Helena tertawa renyah. "Oalah, pantesan tadi lo buru-buru ke koperasi. Ya udah, gue duluan ya, Li. Mori, duluan ya."
Begitu Helena pergi dan jarak mereka sudah cukup jauh, Mori tidak bisa menahan emosinya lagi. Ia merasa harga dirinya dipermainkan di depan kakak kelas yang ia hormati.
"Lian! Lo bener-bener keterlaluan!" teriak Mori.
"Kenapa? Gue kan emang nolongin lo tadi?" jawab Lian tanpa rasa bersalah.
"Nolongin nggak harus pake fitnah di depan Kak Helena! Lo bikin gue kelihatan kayak cewek gatel yang minta dipakein jaket!" Tanpa aba-aba, Mori melemparkan jaket hitam itu tepat ke wajah Lian.
PLAK!
Jaket itu menutupi kepala Lian. "Makan tuh jaket! Gue benci sama lo!"
Mori berbalik dan berlari meninggalkan parkiran dengan langkah cepat, mengabaikan teriakan Lian yang memanggil namanya. Ia tidak ingin lagi berurusan dengan cowok red flag itu hari ini.
Mori berjalan cepat menuju gerbang sekolah, bermaksud mencari angkutan umum. Namun, sebuah mobil sedan putih yang sangat ia kenal berhenti tepat di sampingnya. Kaca mobil terbuka, menampakkan wajah Vano yang tenang.
"Mori? Belum pulang? Mau bareng aku aja?" tanya Vano.
"Nggak usah, Kak Vano. Aku naik angkot aja," jawab Mori ketus, sisa-sisa emosinya masih meluap.
Vano keluar dari mobil dan menghalangi langkah Mori. "Mori, di luar mendung. Sebentar lagi hujan. Aku nggak tenang biarin kamu pulang sendirian setelah hari yang melelahkan ini. Ayolah, sebagai partner debat, setidaknya biarkan aku antar kamu sampai rumah."
Mori ragu, tapi langit memang mulai gelap. "Tapi..."
"Nggak ada tapi. Oh iya, daripada langsung pulang, gimana kalau kita mampir ke kedai kopi di depan? Kita rayakan kemenangan debat kita tadi. Cuma berdua, sebagai tim," ajak Vano dengan senyum green flag-nya yang tulus.

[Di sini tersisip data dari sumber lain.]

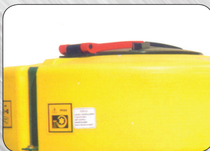
Hinged Vented Cover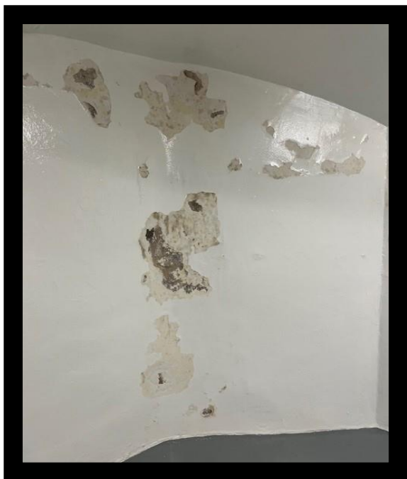
Failing plaster – Cell 1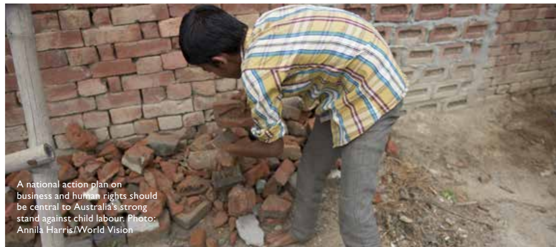
A national action plan on business and human rights should be central to Australia's strong stand against child labour.

To date, Denmark, Finland, Italy, Lithuania, the Netherlands, Spain and the United Kingdom have all published national action plans for the implementation of the UNGPs. More than 20 other countries, including the United States, Norway, France, Germany and Jordan, have national action plans in progress.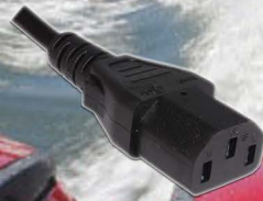
ASNU 147 Mains power lead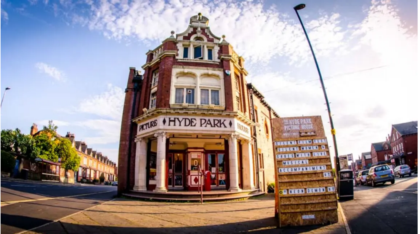
Hyde Park Picture House

William Morris' family home and a silent era cinema are among 12 projects awarded major support totalling £55million, thanks to National Lottery players.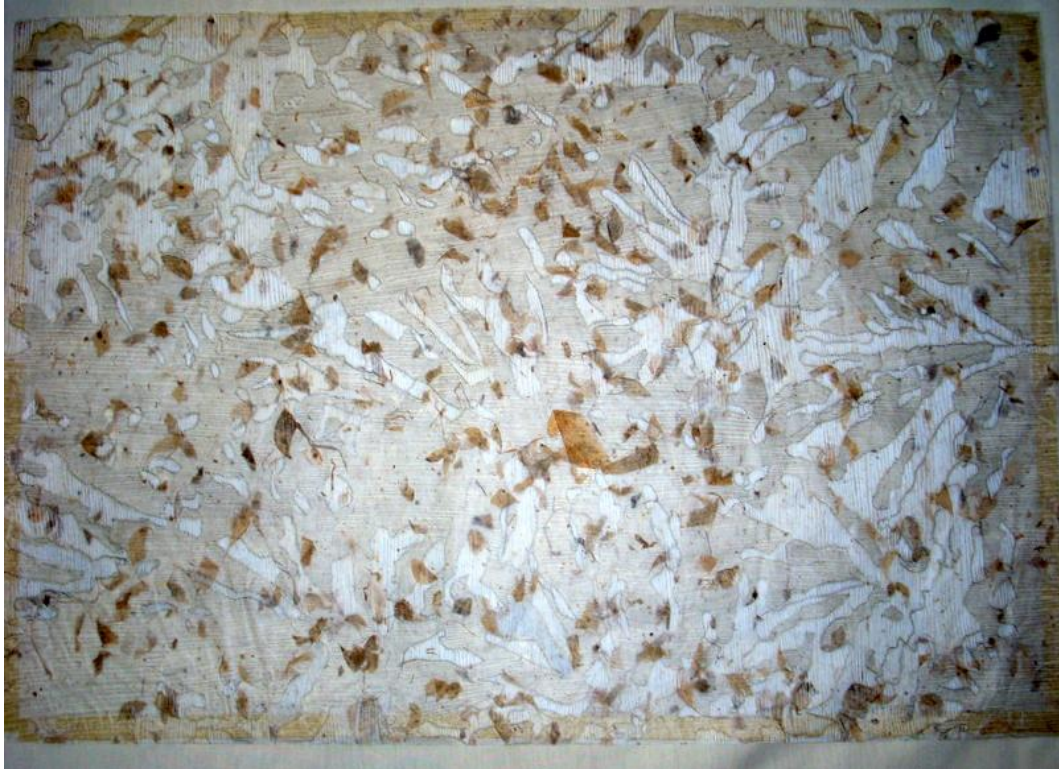
Figure 6. White Drawing , colored pencil, grease pencil, brown paper, 22"x28", 2008.

Mori terdiam sejenak. Ia butuh ketenangan, dan Vano adalah definisi ketenangan. "Ya udah... makasih ya, Kak."
Mori masuk ke dalam mobil Vano. Ia tidak menyadari bahwa di belakang mereka, beberapa puluh meter jauhnya, sebuah motor Ninja hitam sudah menderu kencang. Lian, dengan jaket yang kembali ia kenakan, menatap mobil Vano dengan mata menyipit tajam.
"Mau main aman ya, Van? Kita liat seberapa lama lo bisa bikin dia tenang," desis Lian sambil menarik gas motornya.

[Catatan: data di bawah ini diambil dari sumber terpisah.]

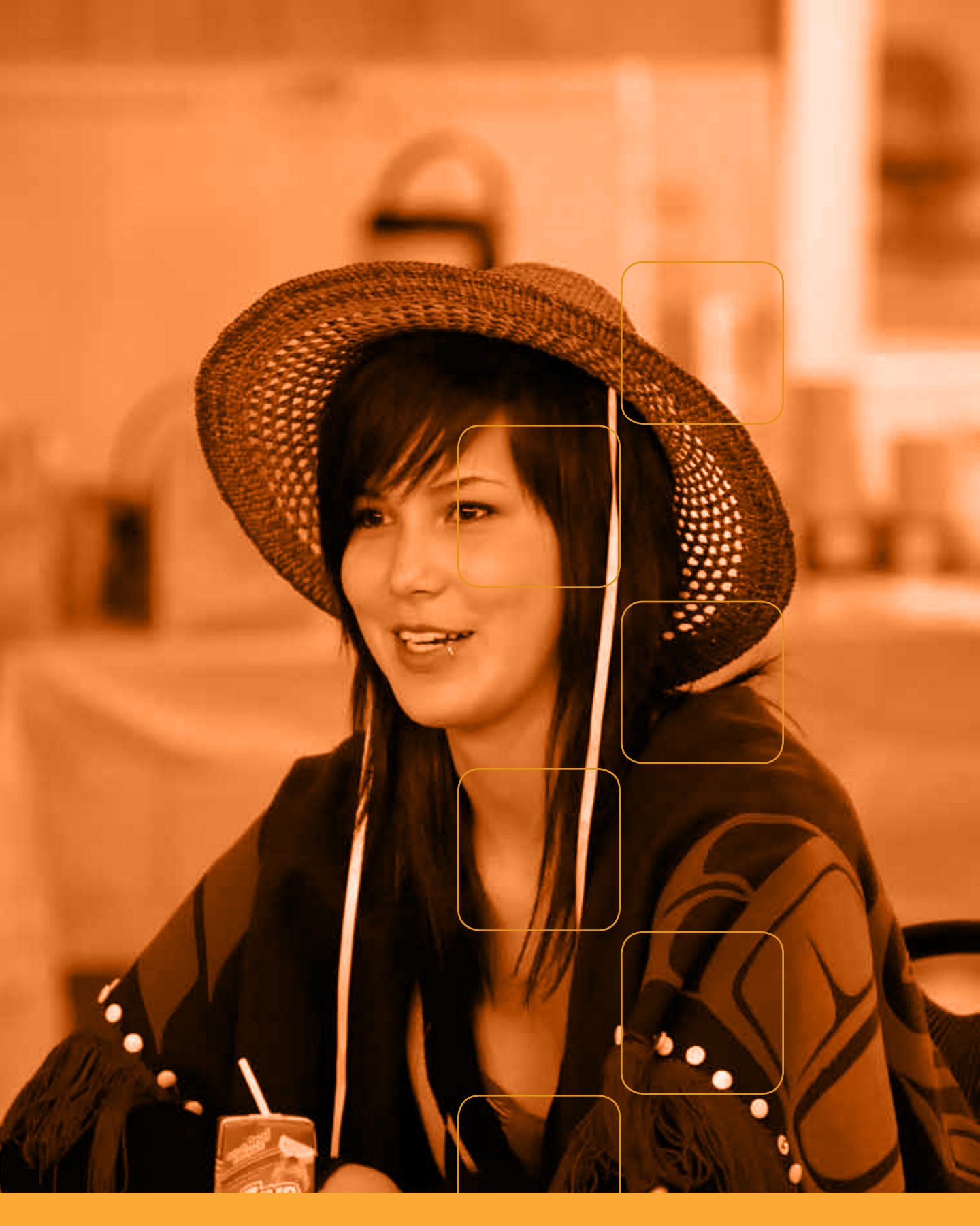
environmentally & culturally sustainable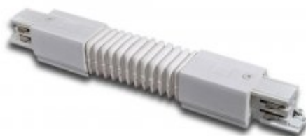
3 Circuit Flexible Joiner White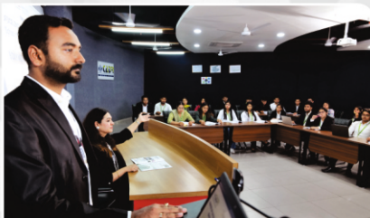
Centre of Excellence on Alternative Dispute Resolution

Sesampainya di kedai kopi "Melodi Juara", Vano memesankan dua gelas latte hangat. Suasananya sangat nyaman, dengan musik jazz yang mengalun pelan. Vano mulai membahas tentang rencana lomba tingkat nasional ke depan.

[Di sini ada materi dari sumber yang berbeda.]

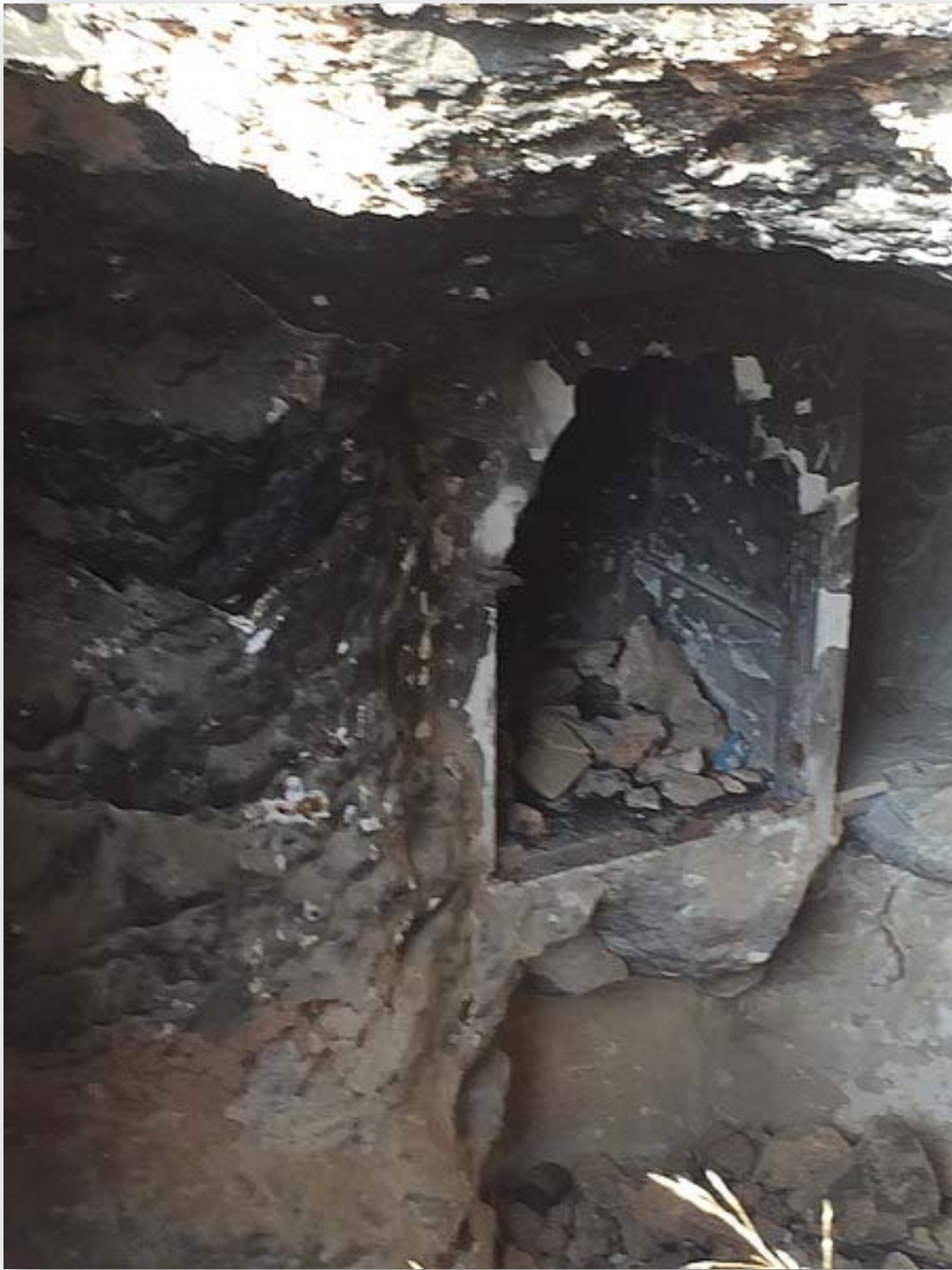
PHOTO 3. Les Dos Llometes Quarry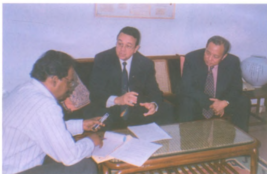
The ICA President being interviewed by the Editor.

A. It has been a fantastic example of co-operative solidarity. The fund which ICA set up in Geneva has attracted more than 140,000 Swiss francs in contributions - mostly from ICA members, but also from individual co-operators. Co-operatives in the United States and Canada have also made their own contributions. And our members have lobbied their governments - especially in Britain and the United States - in order to encourage them to make large scale contributions towards the rebuilding of the financial co-operatives in Kenya.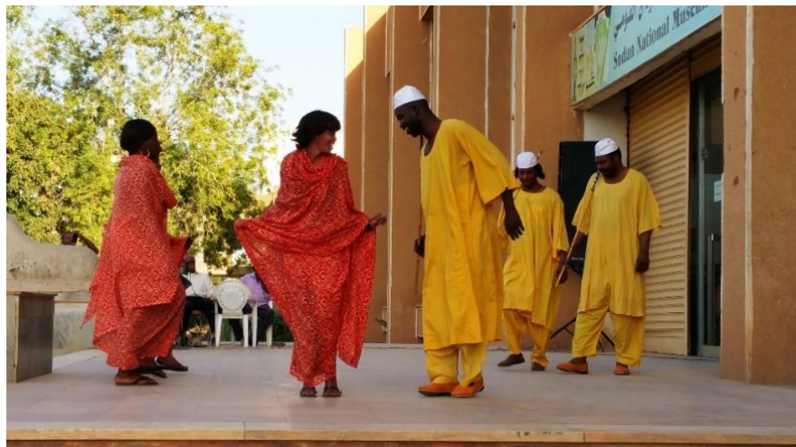
The folk dance of one of the Sudanese ethnic group.

The 2005 Convention – “Protection and Promotion of the Diversity of Cultural Expression” – was fully adopted by Sudan in 2008. The responsible national body for the Convention is the Ministry of Culture (MoC), and there is a big room in strengthening the capacities of the MoC to manage the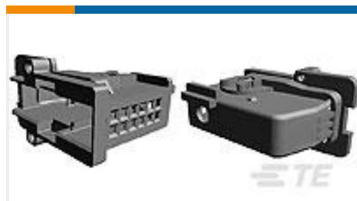
TE Part #1379100-2 COV+LEV MQS 18W 0DEG WHI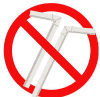
Single-Use Plastic Straws (unless requested)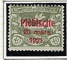
40 Pf: olive-green

The large-size values were overprinted as follows: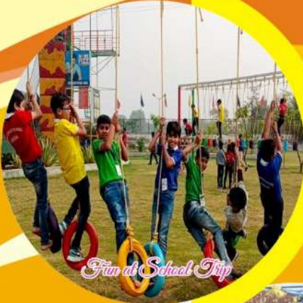
Fun at School Trip

(Under the aegis of Shri Adinath Jain Shikshan Sansthan)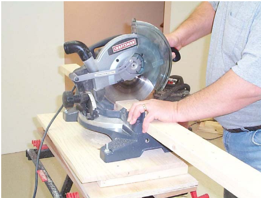
Here I am cutting 28-inch lengths of 2 x 4s that will be screwed to the bottom of the literature organizer.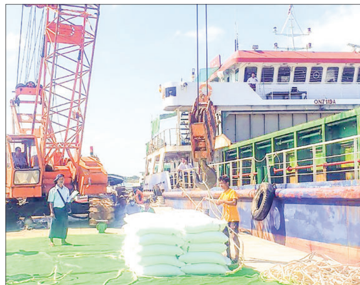
Bags of rice being loaded aboard cargo vessel at Patheingyi Port for exporting rice to Bangladesh.

Myanmar has implemented the National Export Strategy (NES) 2020-2025 to boost exports. The priority sectors of the NES consist of agricultural production, garment and apparel, industrial and electronic device, fishery business, forest product, digital manufacturing and service, logistic service, quality management, trade information service, innovation and entrepreneurship sectors. — NN/KK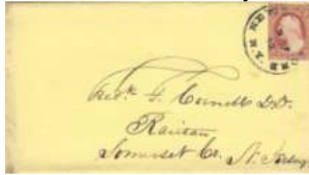
Lot 23 Letter datelined 1855 with NEW BALTIMORE (Green) cds tying #11A to lemon envelope to Raritan, NJ. Flap torn when opened, but complete. Min. $12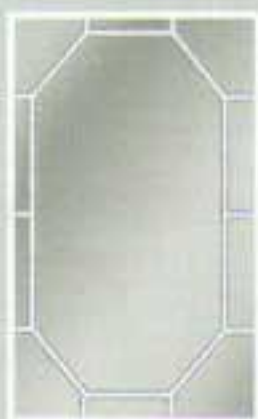
Border Style 1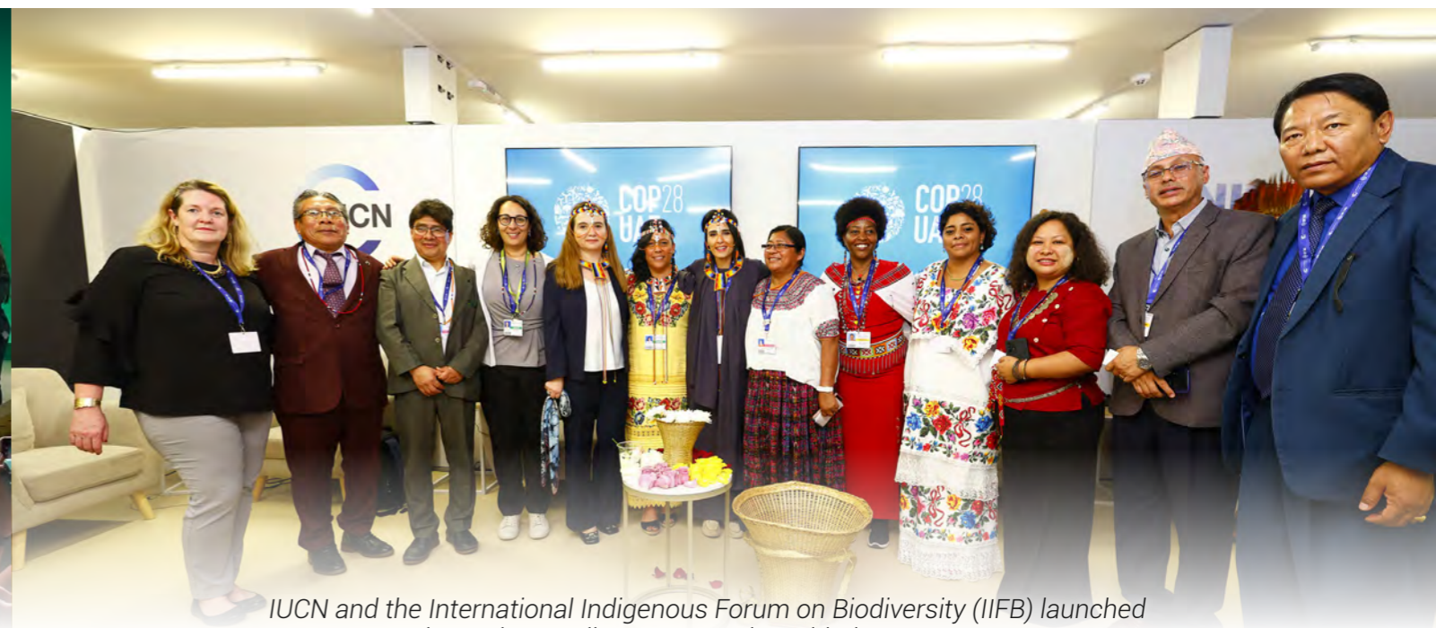
IUCN and the International Indigenous Forum on Biodiversity (IIFB) launched the Podong Indigenous Peoples Initiative at COP28

"Mori, kamu tahu nggak? Tadi pas kamu peluk Lian, aku... aku kaget," ucap Vano tiba-tiba, mengubah topik.
Mori tersedak minumannya. "Kak, itu refleks, aku—"
Belum sempat Mori menjelaskan, pintu kedai kopi terbuka dengan kasar. Suara gemerincing bel di pintu terdengar nyaring. Sosok tinggi berjaket hitam masuk dengan aura yang langsung merusak ketenangan tempat itu.
Lian tidak memesan kopi. Ia langsung berjalan menuju meja Mori dan Vano, lalu tanpa permisi menarik kursi di samping Mori dan duduk di sana.
"Kopi di sini emang enak, ya? Gue juga mau coba," ucap Lian santai sambil mengambil gelas latte milik Mori dan meminumnya seolah-olah itu miliknya sendiri.
Vano menghela napas panjang, mencoba menahan emosi. "Lian, kita lagi ada urusan penting. Kamu nggak bisa hargai privasi orang sedikit?"
Lian menatap Vano dengan dingin. "Privasi Mori itu urusan gue. Dan lo..." Lian beralih menatap Mori yang sudah siap meledak lagi. "Baby Girl, lo lupa ya? Tadi lo bilang mau 'balas budi' soal kejadian di toilet? Kok malah sama dia?"
"LIAN! GUE NGGAK PERNAH BILANG GITU!" teriak Mori frustrasi.
Orang-orang di kedai kopi mulai menoleh. Vano berdiri, "Lian, cukup. Mori lagi capek."
Lian ikut berdiri, membuat suasana semakin tegang. "Dia capek karena lo terlalu banyak kasih teori. Dia butuh gue buat bikin dia 'hidup'."
Mori memijat keningnya. Kemenangan debat yang seharusnya manis, kini berubah menjadi medan perang antara dua cowok yang tidak mau mengalah. Ia sadar, sejauh apa pun ia mencoba lari ke Vano yang tenang, Lian sang red flag akan selalu menemukan cara untuk menariknya kembali ke dalam badai yang ia ciptakan.